While these may all be honourable standpoints, many retailers simply cannot afford to miss out on this well-needed boost in sales. Black Friday is still a key revenue driver for many retailers, but is it really helping them to achieve their goals of increasing footfall and boosting customer retention?

There are a number of elements that retailers need to take into consideration when delivering campaigns to support large-scale sales events.

Everything counts

It’s important that retailers consider how a given promotion affects consumer behaviour both in the lead-up to and follow-on from the event. Shoppers may delay a big purchase in anticipation of a discount, or they may bring their Christmas spending forward to November, in effect flattening out the benefit from the sales event itself. Retailers should look at historical data to understand any patterns in shopping behaviour before executing any campaigns.

Don’t forget about personalisation

It’s a fact that consumers are more likely to remain loyal to a brand if they receive offers and promotions that are relevant to them. However, personalisation is often an element that’s overlooked when developing mass promotions for major sales events like Black Friday. After all, it is a challenge for retailers to offer highly personalised and targeted offers as part of the event of a significant sales.

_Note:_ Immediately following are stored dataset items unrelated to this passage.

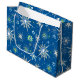 The design displays a festive and busy repeating pattern. It features a rich, solid blue background covered with numerous snowflakes of various sizes and designs. The most prominent snowflakes are large and ornate, colored in shades of white and light gray with star-like points, some of which are slightly tinged with subtle hints of green and blue. Interspersed among the larger designs are smaller, simpler snowflakes and tiny, stylized white and red flower shapes, adding to the overall dense and celebratory feel of the winter holiday motif.
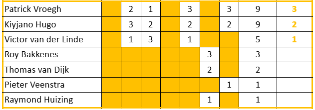 Ranglijst seizoen 2025-2026 (bijgewerkt t/m 22-11-2025)
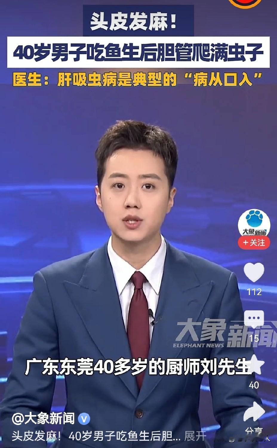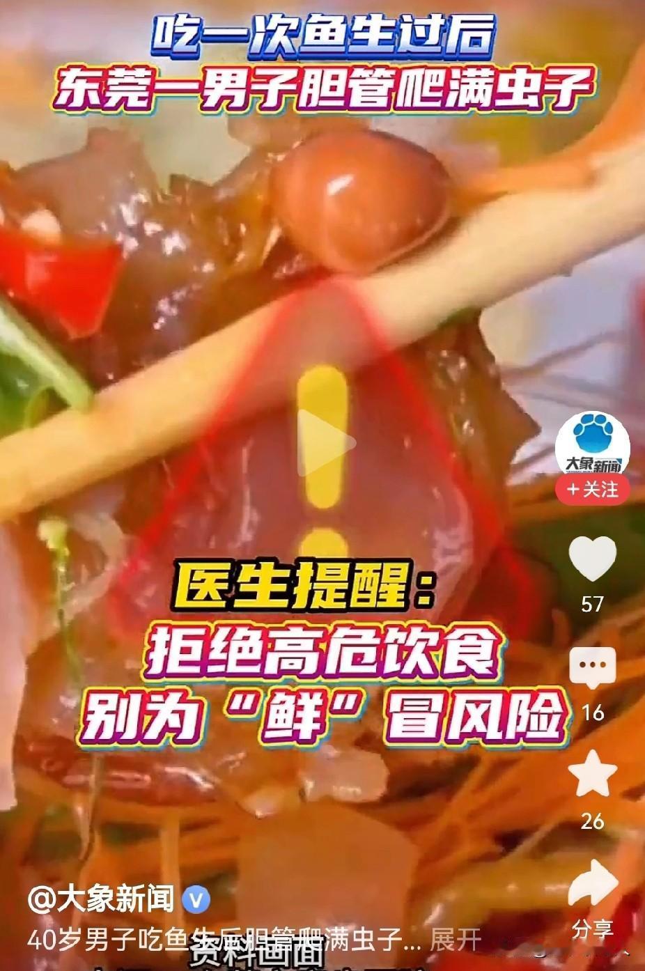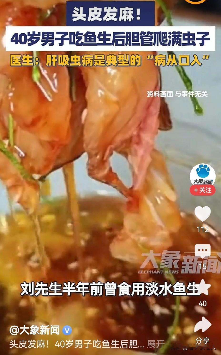 男子吃鱼生后胆管爬满虫子!是怎么回事? 何为“鱼生”?鱼生就是把活鱼切成薄片,称之为“鱼生”。 什么“鱼生”不能吃?因为,鱼是生活在水里,是一种水生生物。鱼身上寄生着非常多的,各种各样的细微的病菌和微生物。 “鱼生”是活鱼身上的肉片,寄生有很多病菌和微生物,没有通过烹饪高温杀灭,生鲜鱼片是绝对不能吃的,否则就会把这些含有危害人的身体健康的病菌和微生物,吃到身体里面去,影响人的身体健康。 据媒体1月25日报道,广州有位40多岁的厨师吃了生鱼片以后,身体出现非常的不适感,便到医院去检查。结果医生发现,该患者的胆囊管内面有非常多的细小的虫子在缓慢的蠕动。通过确认,这是一种叫做“肝吸虫”的微生物,是寄生在水产品上面的一种细微的生物,如鱼、螃蟹、对虾等水产品,对人的肝脏和胆囊有非常大的危害性。 因此建议大家在出差的时候,或在日常生活中,千万不要相信“鱼生”的美味,不要相信鱼生的营养丰富,千万不要去品尝,要远离“鱼生”。吃鱼生必须要吃煮熟煮透的,杀死了寄生虫的鱼生。这样的鱼生才有营养,才是美味,才是对身体有健康的美食。 以上是本人观点,如有不妥,请大家在留言区留下你宝贵的意见,并积极参与评论。

Selling high volumes of products at deep discounts may have a positive short-term benefit for retailers. But, there are dangers. Retailers need to maintain the momentum built by these events and not lose sight of longer-term goals such as attracting customers back into store or online after promotions while giving away less margin in the process.

Engagement is still key

One way to do this is through a more engaging communication programme, where customers are rewarded for their loyalty with incentives throughout the year. This is where personalisation can be deployed more effectively. This could include targeted offers delivered through different channels, such as personalised coupons or receipts handed out at the point of sale, as well as digital promotions.

These offers can be distributed to customers before big events like Black Friday to attract them into stores or online, without compromising on margins. Alternatively, they could be given to shoppers during Black Friday promotions to encourage return visits and repeat sales in the future.

Moving forward

Large-scale events, such as mass advertising, will always have a role to play in retail, however, it would be dangerous to rely on them solely. Shopper behaviour can change dramatically from one year to the next, so there’s no guarantee that what worked in the past will work as well a year later.

These events should always be considered as part of a much wider, longer-term approach; one that focuses on increasing footfall, boosting engagement and improving retention. Tactics like personalisation play a crucial role here, adding that critical missing ingredient and providing retailers with significant competitive advantage; especially when delivered in a timely, relevant way. By leveraging the data available to them – both real-time and historic – retailers can ensure that they are maximising the potential of any campaigns, not just for a short-term sales event, but far beyond into the future.